As she spoke, Leto realized that part of her education had been conducted by the Bene Gesserit. She had their way of controlling her responses, of sensing the undertones in a conversation. He could see, however, that the Bene Gesserit overlay had been a delicate thing, never penetrating the basic sweetness of her nature.
“You were told that I would introduce this subject,” he said.
“Yes, Lord. I know that my ancestor had the temerity to bring a weapon here in the attempt to harm you.”
“As did your immediate predecessor. Were you told that, as well?”
“I did not learn it until my arrival, Lord. They were fools! Why did you spare my predecessor?”
“When I did not spare your ancestor?”
“Yes, Lord.”
“Kobat, your predecessor, was more valuable to me as a messenger.”
“Then they told me the truth,” she said. Again, she smiled. “One cannot always depend on hearing truth from one’s associates and superiors.”
The response was so utterly open that Leto could not suppress a chuckle. Even as he laughed, he realized that this young woman still possessed the Mind of First Awakening, the elemental mind which came in the first shock of birth-awareness. She was alive!
“Then you do not hold it against me that I killed your ancestor?” he asked.
“He tried to assassinate you! I am told you crushed him, Lord, with your own body.”
“True.”
“And next you turned his weapon against your own Holy Self to demonstrate that the weapon was ineffectual … and it was the best lasgun we Ixians could make.”

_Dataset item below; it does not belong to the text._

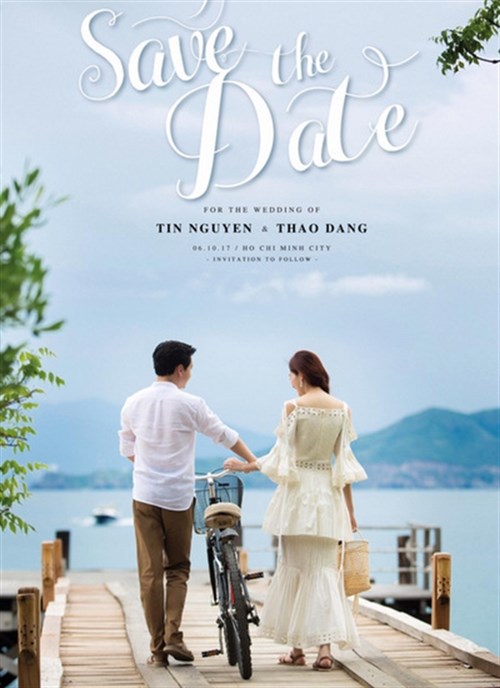 Bìa thiệp cưới của hoa hậu và doanh nhân Trung Tín.

“The witnesses reported correctly,” Leto said.
And he thought:
Which shows how much you can depend on witnesses!
As a matter of historical accuracy, he knew that he had turned the lasgun only against his ribbed body, not against hands, face or flippers. The pre-worm body possessed a remarkable capacity for absorbing heat. The chemical factory within him converted heat to oxygen.
“I never doubted the story,” she said.
“Why has Ix repeated this foolish gesture?” Leto asked.
“They have not told me, Lord. Perhaps Kobat took it onto himself to behave this way.”